During oral arguments in the case, Liberal Justice Sonia Sotomayor expressed frustration with Clement’s suggestion that NEPA review would prevent the court from considering impacts that are “distant in time and geography.” did. She suggested that such an interpretation goes against the core of the law, saying that if a federal agency allowed a car to go on the market, for example, “a car could leave a thousand miles, 40 states and explode.” ” he pointed out. It is a reasonably foreseeable outcome that is geographically and temporally distant. ” Federal agencies should absolutely consider such risks, she implied.
“We need absolute rules that don’t make sense,” Sotomayor told Clement.

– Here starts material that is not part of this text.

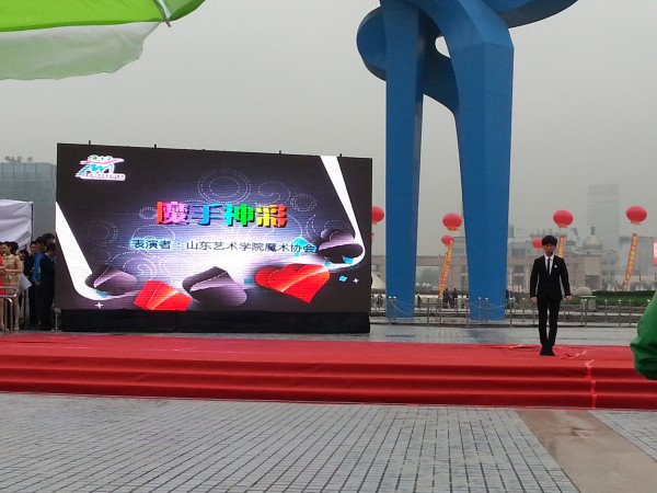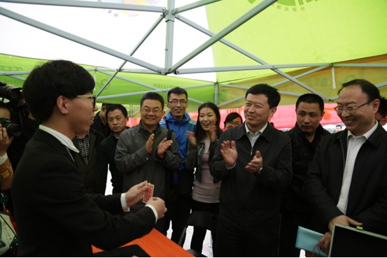 本站讯 4月26日,由团省委、省委高校工委、省文化厅、省学联主办的首届“电信飞young”杯山东省大中专学生社团节省级公益活动暨纪念五四运动95周年主题团日在济南泉城广场举行。团省委书记张涛,省委高校纪工委书记张圣中,团省委党组成员、纪检组长谢宁,学校部部长郑思洁,部分驻济高校团委负责人出席了本次活动。我校团委负责人带队参加,活动中我校魔术协会魔术师在社团风采展展示中的精彩表演得到了团省委领导的充分肯定。

But Sotomayor appeared to be the only one defending NEPA, and a majority of the other seven justices seemed inclined to seek at least some restrictions on the law. (Justice Neil Gorsuch recused himself from the case because his former backer, Denver-based billionaire Philip Anschutz, had a potential financial stake in the outcome of the case.) Anschutz Exploration Corporation, an oil and gas company, has drilling leases from the state of Utah and the federal government, as well as elsewhere. filed a court brief inside the case. )
Although the justices seemed inclined to hamstring NEPA, such a ruling would be a hollow victory for the Utah railroad promoters who filed the lawsuit. Beyond the NEPA issue, the appeals court cited at least six other reasons why the railroad was illegal when it invalidated the STB’s decision approving the railroad. None of this is affected by the Supreme Court’s decision in the seven-county coalition case. The STB permit remains invalid and oil trains cannot leave the station.
There will be a winner in this case, but if the court rules to rein in NEPA, the likely winner will be the big fossil fuel companies and other companies whose operations would benefit from less environmental oversight. It will be. For example, this case could lead courts to severely limit the scope of environmental damage that future infrastructure projects must consider, which could mean that the public can’t understand the health and environmental impacts of oil and gas. Make sure to consider before approving wells and pipelines, which means it will be more difficult to enforce.
“This case is bigger than the Uinta Basin Railroad,” Earthjustice’s Sankar said. “The fossil fuel industry and its allies are making wild claims that hide the clear health consequences of government decisions from the public.” The court is expected to rule by June next year.